Writing may well be the most frustrating thing anyone can do. What is more intimidating than a blank page that screams: YOU CANNOT THINK OF ANYTHING, or, more commonly: JUST GIVE UP? So, as writers, what do we do? Strive through that initial blockage and scan your brain for any form of creativity. Go somewhere else other than your desk to revitalise that spark of imagination. Or, like a Shaolin monk, dive into a deep form of meditation.
I’m at this second stage today. Choosing to go to a local café, to see if I can resurrect my poetry, or prose, or whatever you could call it. With my laptop resting on this wooden table, we type in the comfort of a cosy space. The steam from my coffee swirls around, captivating thought and attention as it floats into nothingness…
Bones scattered like keys on a table that had been chucked
Without a thought, care,
Only for the convenience of the board pieces
They were wielding their weapons.
There’s this man coughing at the sofa table by the window. As well as stealing my space, he’s with his work colleagues that have booming and cackling, witch-like laughs. They are in their own little bubble; oblivious to the student, unaware of the old man reading his paper, and unconscious of the lady reading. It reminds me of those adverts, where you see a really uncomfortable video of these business people laughing hysterically, almost as though the true individuals, behind their business façades, were yelling: GET ME OUT OF HERE. Similar to being at a family gathering and the racist uncle has had one too many drinks…
The arena was a lava landscape
The pieces standing on their rocks with the bubble of molten lava around them:
Queen/Kings equipped with Browning machine guns
Bishops equipped with AK’s
Knights equipped with Samurai swords (ability to deflect bullets)
Rooks equipped with Baseball bat
Pawns equipped with a butter knife
A loud crash disturbs my writing as the waiter drops a fork. Great. I’ve lost my writing rhythm. There’s a bookshelf next to the toilets with a sign reading: ‘feel free to swap/borrow or just take!’ Most of the books seem like your average collection of crime, romance and the odd gardening book, but there’s one that catches my eye: ‘The Rise and Fall of the Great Powers’. I’m not sure who it’s by, but it looks interesting to say the least.

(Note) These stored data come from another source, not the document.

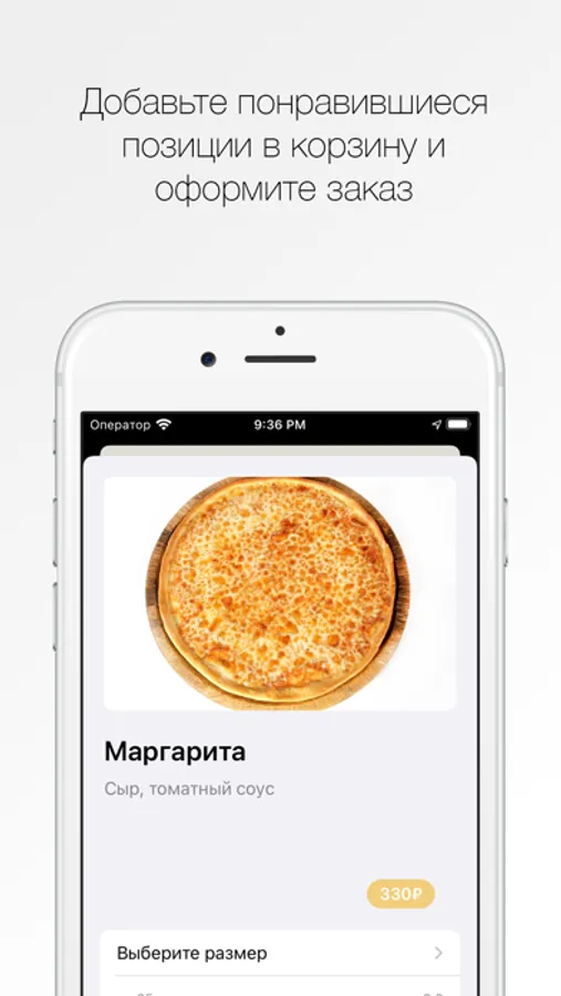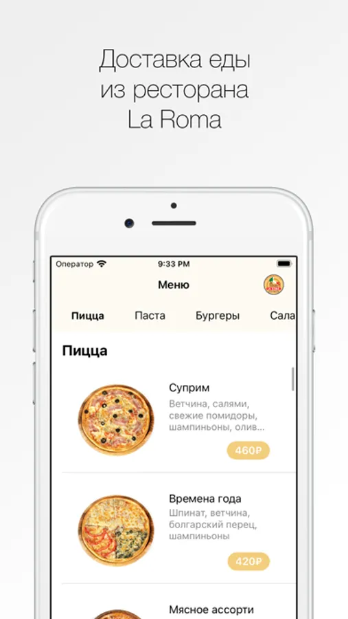 Как сделать заказ в приложении “La Roma”: выберите понравившиеся позиции из меню, добавьте их в корзину и перейдите на экран оформления заказа (по нажатию на иконку корзины).
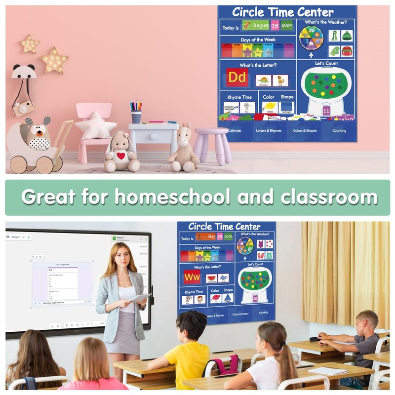 - ✅【GREAT TEACH TOOL】- Our circle time learning center helps kids to develop skills in calendar concepts, early language and early math. Give kids daily practice with calendar concepts, the alphabet, counting and more—and help the whole class build literacy skills together!
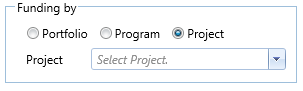 Project Field - The choices in the dropdown list are filtered by the selected program. This field is locked if a project is selected in the Funding By Section in the header.
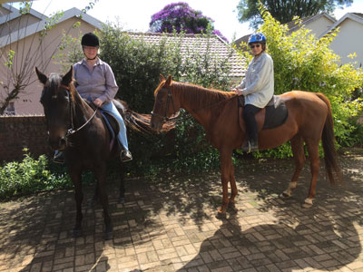 Paula was away at Splashy Fen Music Festival so Di and I went round each morning to groom the horses and a couple of times went out on a short ride - as it was over 40 years since Di had ridden!! |
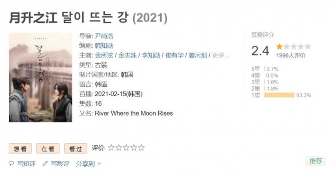 실제로 한국시간으로 26일 오후 4시 기준 중국의 최대 평론 사이트인 도우반에서 달이 뜨는 강의 평점이 별 5개 중에서 1.2개를 기록하고 있다. 10점 만점으로 치면 2.4점이다. 1996명의 중국 누리꾼이 참여했으며 대다수인 93.3%가 별 1개를 줬다. 뒤이어 2개는 1.8%, 3개는 1.6%, 4개는 0.6%, 5개는 2.7%였다.
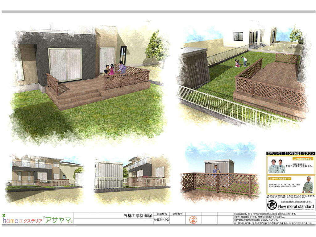 広い庭なので子供が遊べるように芝を広めにしてもらいたいと要望しました。タイルデッキは木彫で希望のものがあったのでお伝えしました。
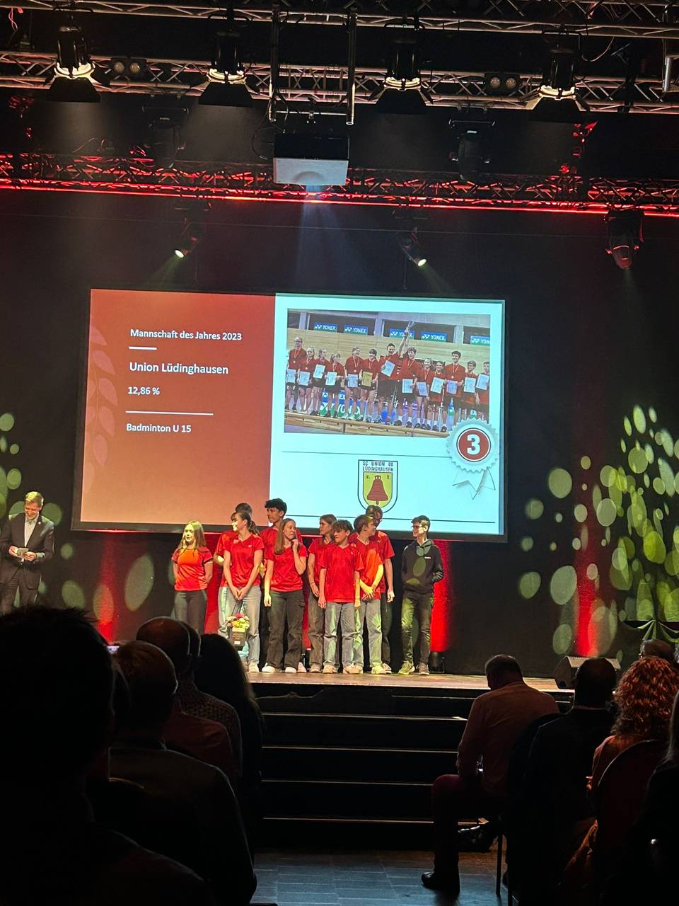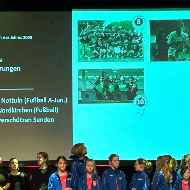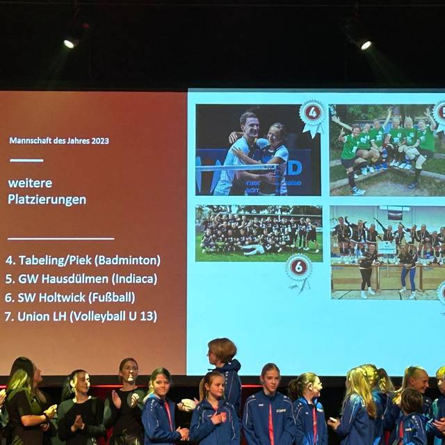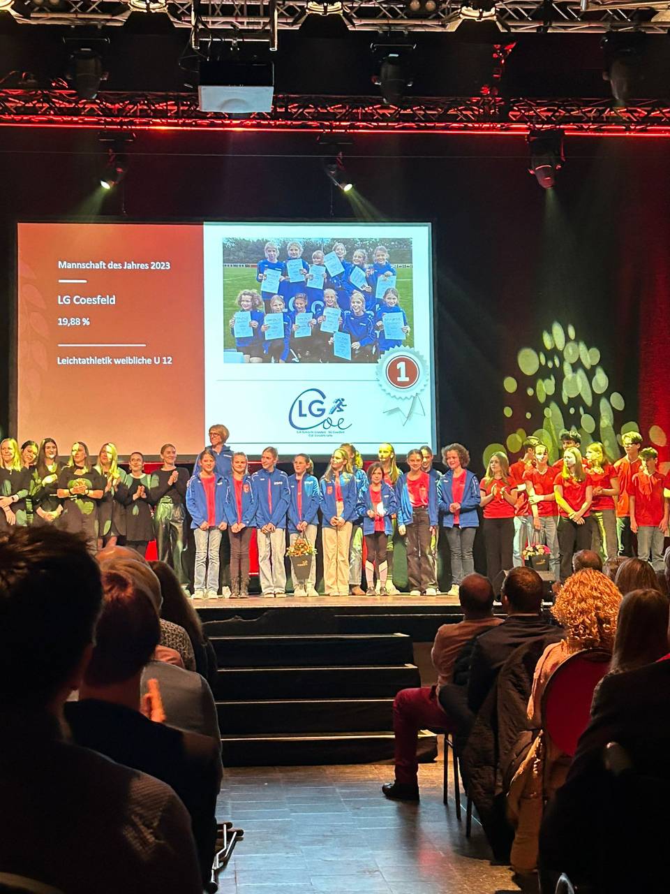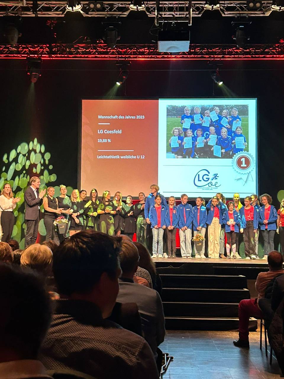 Mannschaft des Jahres: 1. Platz - LG Coesfeld U12 Mädchen (Leichtathletik), 2. Platz - Black Jewels (Tanzen), 3. Platz - Union Lüdinghausen U15 (Badminton)
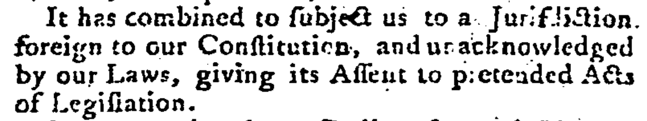 It has combined to subject us to a Jurisdiction foreign to our Constitution, and unacknowledged by our Laws, giving its Assent to pretended Acts of Legislation.
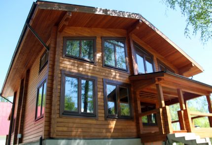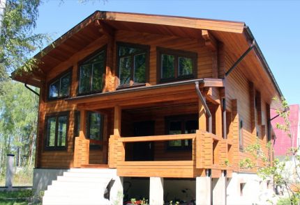 • Из лиственницы. Очень прочный материал. Древесина лиственницы пропитана смолой, являющейся природным антисептиком. Это способствует увеличению длительности эксплуатации. Из бруса на основе лиственницы производители также рекомендуют возводить бани.
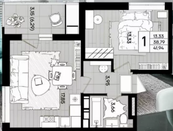Продается однокомнатная новостройка, 41.95 кв.м., 6/9 эт

Obviously, I don’t have the courage to actually go up there and take it, but it’s still nice to admire from a few feet away…
Ha! Slash, Ka-pow, pewwww
The volcano towering over the arena coughed
Spluttered interrupting the duel between the remaining pieces
‘Don’t mean to interrupt you guys, but I think I’m gonna be sick’
Both sets of knights protecting their monarchs looked at each other
With sweat dripping in their eyes and knuckles white on their grips.
[Like one of those scenes in Star Wars when they have a stand off and there’s that awkward moment when they think: ‘Shit, this is real’]
‘Yep, I’m gonna be sick’
Red and Black capes covered the black pieces and they vanished
Leaving the white pieces confused for a second too long as the volcano
Spewed lava onto the wooden board pieces that disintegrated almost instantaneously.